| Provided records |
■ ■ ■ ■
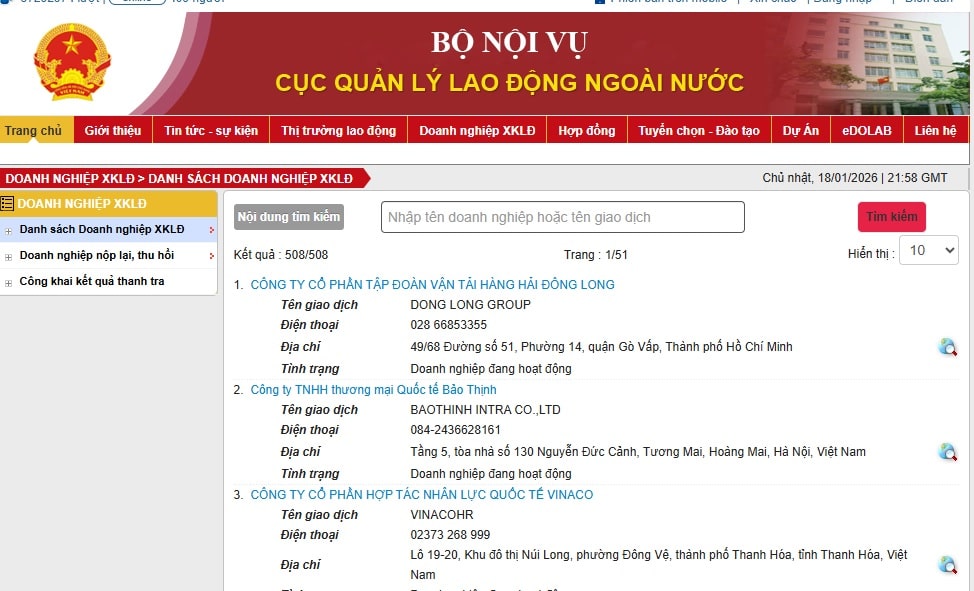 Công ty xuất khẩu lao động đó phải là đơn vị được Bộ lao động, thương binh & Xã hội cấp giấy phép đủ chức năng đưa người đi làm việc ở nước ngoài, nghĩa là phải có đầy đủ hồ sơ pháp lý hoạt động trong lĩnh vực đưa người lao động đi làm việc tại nước ngoài; được Bộ lao động Thương binh và Xã hội cấp phép. Các bạn có thể xem danh sách các công ty xuất khẩu lao động tại website Dolab.gov.vn hoặc click vào đây
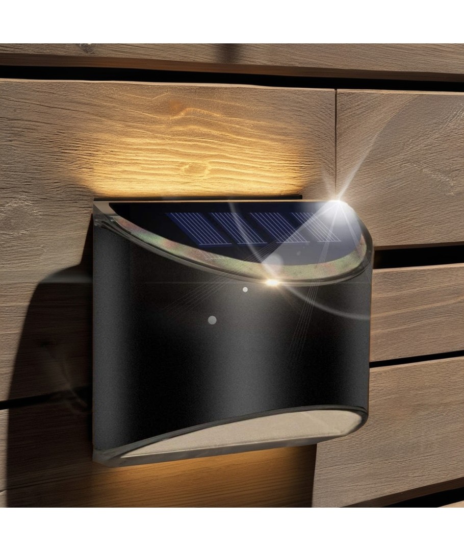 Ontdek de efficiënte en stijlvolle 2 stuks MIVO Zonnecel wandlampen LED in zwart, die een mooie wand-effect en functionaliteit combineren voor je buitenverlichting.
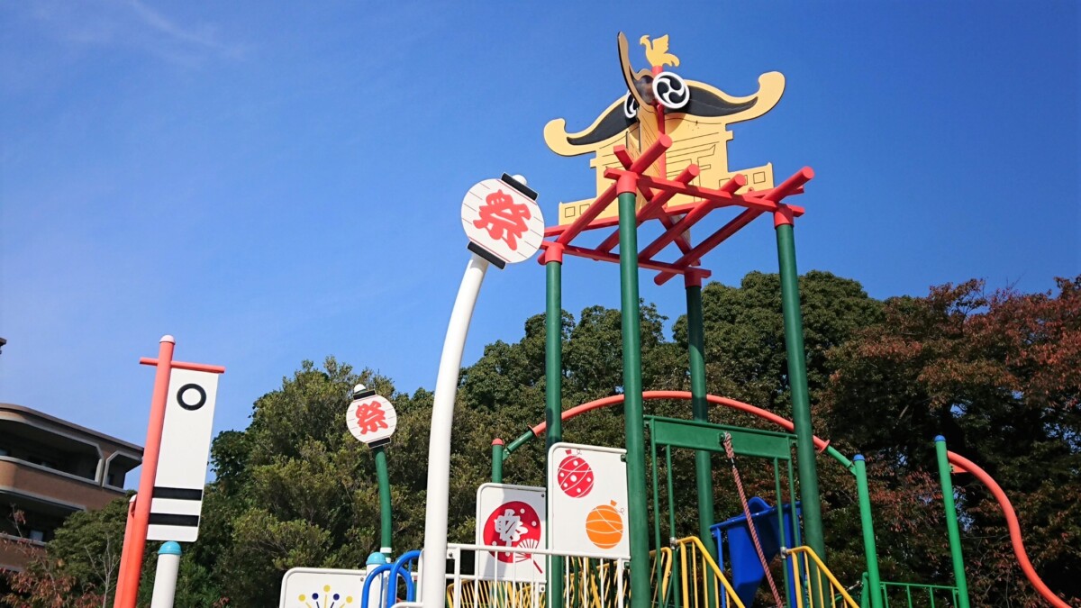 【岡田公園/八幡西区】「黒崎祇園山笠」を思い出させる遊具 神輿が鎮座?
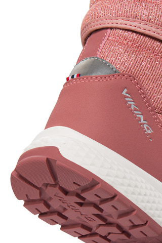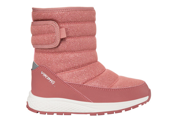 Gør dit barn klar til hverdagens eventyr med en støvle, der er både stilfuld og behagelig. Den iriserende overdel med glimmereffekt har en praktisk slip-on stil, der gør det nemt at få den af og på, og velcrolukningen bagpå holder den godt på plads. Vikings Watershield membran sørger for, at fødderne forbliver tørre under våde forhold, mens et lunt holder kulden væk. En let mellemsål i EVA dæmper hvert skridt på vejen, og en ydersål i gummi giver et godt greb.
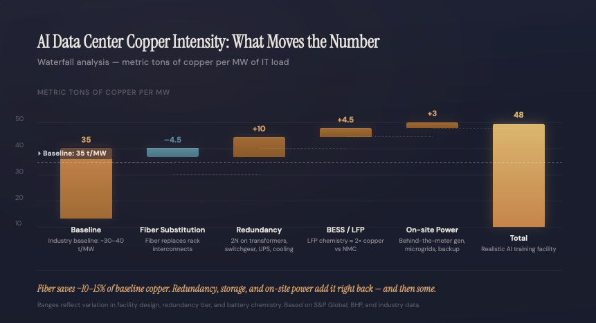 This is exactly why theoretical models fail. They calculate the bare minimum copper needed to run a facility and stop there. Real-world copper intensity is always drastically higher because redundancy forces you to buy the most copper-dense equipment on the campus twice.
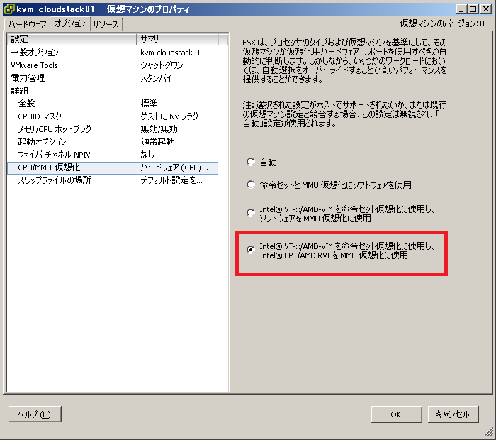 「仮想マシンのプロパティ」画面 -> 「オプション」タブ -> 「CPU/MMU仮想化」-> 下記選択 ->「OK」
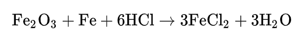 在后期加工處理鐵或鋼材(擠壓、軋制、鍍鋅等)以前,可以用鹽酸化學(xué)反應(yīng)掉表層的銹或鐵氧化物。一般 采用濃度為18%的鹽酸溶液做為酸洗劑來清洗碳鋼:
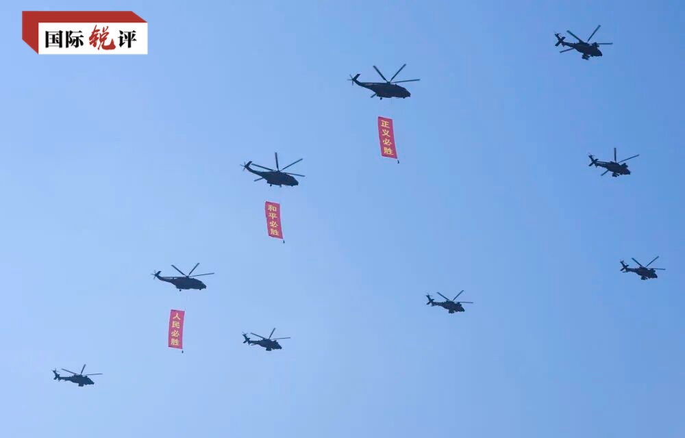 閱兵儀式上,一個(gè)細(xì)節(jié)引人關(guān)注:3架直升機(jī)分別懸掛“正義必勝”“和平必勝”“人民必勝”的條幅飛過(guò)天安門廣場(chǎng)。這“三個(gè)必勝”既是歷史啟示的偉大真理,也是對(duì)當(dāng)下和未來(lái)的重要啟迪。
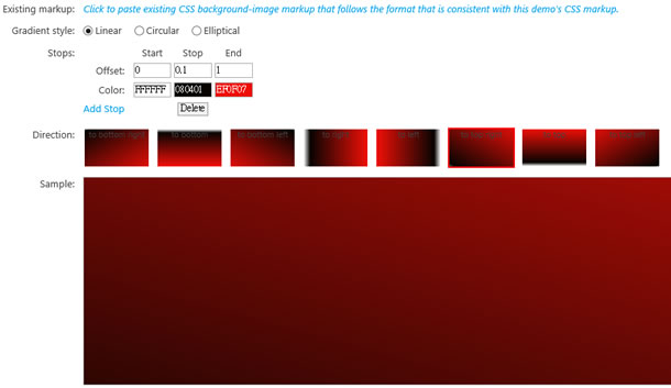 首頁線上工具開發工具 CSS Gradient Background Maker 微軟 CSS3 漸層背景產生器 以往在網頁想要利用漸層的色彩來美化時,若要使用 CSS 需要考慮地的因素很多,各家瀏覽器所支援的語法也不盡相同,需要不斷的微調,最後乾脆使用圖片一勞永逸。現在 CSS3 開始普及,想要使用漸層色彩,越見方便,CSS Gradient Background Maker 是微軟所推出利用 CSS 語法漸層背景產生器,只要選好顏色,便能產生不同漸層方向,且支援 IE、Mozilla Firefox、Opera、Safari/Chrome 等瀏覽器的 CSS 語法。 🔔 不錯過任何精彩! 立即訂閱我們的 LINE 官方帳號 每次發佈新文章時,您將會第一時間收到本站文章連結通知,輕鬆掌握最新資訊! 使用 LINE 追蹤文章更新 §相關文章,還可以參閱:網站效能健檢免費工具!PageTest 多裝置模擬效能分析及由 AI 提出改進建議Regex-Vis 圖解正則表達式的線上工具,可編寫還可驗證Sitemap Generator:線上快速產生符合 SEO 標準的網站地圖,無網址數量限制適用各類型網站網站隱私權政策產生器 Privacy Policy Generator:輸入網站名稱和網址即可輕鬆生成專屬條款Frame0:輕鬆繪製應用程式流程圖、UML 和介面雛形的免費工具,適用於 macOS 與 Windows 如何使用 CSS Gradient Background Maker? 1.使用瀏覽器進入 CSS Gradient Background Maker 網站,開始選擇所要的漸層風格。 2.若想搭配多種顏色,可點擊[Add Stop]來增加漸層顏色。 3.每個參數的調整,都會牽動 CSS markup 語法的變動,確定後,便可複製所產生的語法來應用的網頁上。 CSS Gradient Background Maker網站網址:http://ie.microsoft.com/testdrive/graphics/cssgradientbackgroundmaker/
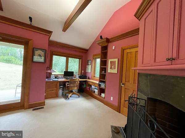 Beautifully situated on a gentle incline looking at Round Mountain, "Dogwood Retreat" was custom built by Master builder Peter Kreyling hallmarking those special quality details he was known for. This sparkling contemporary with a metal roof and 2 fireplaces is flooded with light and makes the soul feel peaceful and uplifted! The main level features upgraded quality casement windows, radiant floor and passive solar heating for increased energy efficiency, plus everything you need for easy One-Level Living: A primary suite, 2nd bedroom, gorgeous gourmet kitchen with a Wolf six-burner stove and large oven, Butcher block counter tops, soapstone counter bar, an Italian wood-burning pizza oven, hand-painted French tile decor, large pantry and laundry room, and a spacious great room with a Rumsford fireplace. Originally built as a 3 bedroom home, the upper bedroom has been converted into a stunning library with cherry cabinetry and "His and Her" offices with interior and "ground level" access. Additional upgrades include a built-in sound system, security system, and garden irrigation system. The home showcases easy care stucco and Hardie-plank exterior. ** Complete architectural plans available for stylish Oversized 2-story Garage with upper level space for studio/in-law suite. The property is a perfect mix of open space and trees, mountain views, a Deer-proof enclosed raised garden awaiting plantings of your choice, a slate patio, and a whole house generator. A perfect home for those looking to downsize without sacrificing style or comfort or for those who just want to enjoy the good Rappahannock County life. Close to multiple fine dining venues, local restaurants, wineries/breweries, art galleries, live theatre, extraordinary music and concerts, beautiful Skyline Drive, and the Shenandoah National Park. Make "Dogwood Retreat" your special country place!
■ ■ ■ ■
| Task statement |
Repeat everything in the records above exactly; pictures are not part of the copy.

| Solution below |
 Công ty xuất khẩu lao động đó phải là đơn vị được Bộ lao động, thương binh & Xã hội cấp giấy phép đủ chức năng đưa người đi làm việc ở nước ngoài, nghĩa là phải có đầy đủ hồ sơ pháp lý hoạt động trong lĩnh vực đưa người lao động đi làm việc tại nước ngoài; được Bộ lao động Thương binh và Xã hội cấp phép. Các bạn có thể xem danh sách các công ty xuất khẩu lao động tại website Dolab.gov.vn hoặc click vào đây
 Ontdek de efficiënte en stijlvolle 2 stuks MIVO Zonnecel wandlampen LED in zwart, die een mooie wand-effect en functionaliteit combineren voor je buitenverlichting.
 【岡田公園/八幡西区】「黒崎祇園山笠」を思い出させる遊具 神輿が鎮座?
 Gør dit barn klar til hverdagens eventyr med en støvle, der er både stilfuld og behagelig. Den iriserende overdel med glimmereffekt har en praktisk slip-on stil, der gør det nemt at få den af og på, og velcrolukningen bagpå holder den godt på plads. Vikings Watershield membran sørger for, at fødderne forbliver tørre under våde forhold, mens et lunt holder kulden væk. En let mellemsål i EVA dæmper hvert skridt på vejen, og en ydersål i gummi giver et godt greb.
 This is exactly why theoretical models fail. They calculate the bare minimum copper needed to run a facility and stop there. Real-world copper intensity is always drastically higher because redundancy forces you to buy the most copper-dense equipment on the campus twice.
 「仮想マシンのプロパティ」画面 -> 「オプション」タブ -> 「CPU/MMU仮想化」-> 下記選択 ->「OK」
 在后期加工處理鐵或鋼材(擠壓、軋制、鍍鋅等)以前,可以用鹽酸化學(xué)反應(yīng)掉表層的銹或鐵氧化物。一般 采用濃度為18%的鹽酸溶液做為酸洗劑來清洗碳鋼:
 閱兵儀式上,一個(gè)細(xì)節(jié)引人關(guān)注:3架直升機(jī)分別懸掛“正義必勝”“和平必勝”“人民必勝”的條幅飛過(guò)天安門廣場(chǎng)。這“三個(gè)必勝”既是歷史啟示的偉大真理,也是對(duì)當(dāng)下和未來(lái)的重要啟迪。
 首頁線上工具開發工具 CSS Gradient Background Maker 微軟 CSS3 漸層背景產生器 以往在網頁想要利用漸層的色彩來美化時,若要使用 CSS 需要考慮地的因素很多,各家瀏覽器所支援的語法也不盡相同,需要不斷的微調,最後乾脆使用圖片一勞永逸。現在 CSS3 開始普及,想要使用漸層色彩,越見方便,CSS Gradient Background Maker 是微軟所推出利用 CSS 語法漸層背景產生器,只要選好顏色,便能產生不同漸層方向,且支援 IE、Mozilla Firefox、Opera、Safari/Chrome 等瀏覽器的 CSS 語法。 🔔 不錯過任何精彩! 立即訂閱我們的 LINE 官方帳號 每次發佈新文章時,您將會第一時間收到本站文章連結通知,輕鬆掌握最新資訊! 使用 LINE 追蹤文章更新 §相關文章,還可以參閱:網站效能健檢免費工具!PageTest 多裝置模擬效能分析及由 AI 提出改進建議Regex-Vis 圖解正則表達式的線上工具,可編寫還可驗證Sitemap Generator:線上快速產生符合 SEO 標準的網站地圖,無網址數量限制適用各類型網站網站隱私權政策產生器 Privacy Policy Generator:輸入網站名稱和網址即可輕鬆生成專屬條款Frame0:輕鬆繪製應用程式流程圖、UML 和介面雛形的免費工具,適用於 macOS 與 Windows 如何使用 CSS Gradient Background Maker? 1.使用瀏覽器進入 CSS Gradient Background Maker 網站,開始選擇所要的漸層風格。 2.若想搭配多種顏色,可點擊[Add Stop]來增加漸層顏色。 3.每個參數的調整,都會牽動 CSS markup 語法的變動,確定後,便可複製所產生的語法來應用的網頁上。 CSS Gradient Background Maker網站網址:http://ie.microsoft.com/testdrive/graphics/cssgradientbackgroundmaker/
 Beautifully situated on a gentle incline looking at Round Mountain, "Dogwood Retreat" was custom built by Master builder Peter Kreyling hallmarking those special quality details he was known for. This sparkling contemporary with a metal roof and 2 fireplaces is flooded with light and makes the soul feel peaceful and uplifted! The main level features upgraded quality casement windows, radiant floor and passive solar heating for increased energy efficiency, plus everything you need for easy One-Level Living: A primary suite, 2nd bedroom, gorgeous gourmet kitchen with a Wolf six-burner stove and large oven, Butcher block counter tops, soapstone counter bar, an Italian wood-burning pizza oven, hand-painted French tile decor, large pantry and laundry room, and a spacious great room with a Rumsford fireplace. Originally built as a 3 bedroom home, the upper bedroom has been converted into a stunning library with cherry cabinetry and "His and Her" offices with interior and "ground level" access. Additional upgrades include a built-in sound system, security system, and garden irrigation system. The home showcases easy care stucco and Hardie-plank exterior. ** Complete architectural plans available for stylish Oversized 2-story Garage with upper level space for studio/in-law suite. The property is a perfect mix of open space and trees, mountain views, a Deer-proof enclosed raised garden awaiting plantings of your choice, a slate patio, and a whole house generator. A perfect home for those looking to downsize without sacrificing style or comfort or for those who just want to enjoy the good Rappahannock County life. Close to multiple fine dining venues, local restaurants, wineries/breweries, art galleries, live theatre, extraordinary music and concerts, beautiful Skyline Drive, and the Shenandoah National Park. Make "Dogwood Retreat" your special country place!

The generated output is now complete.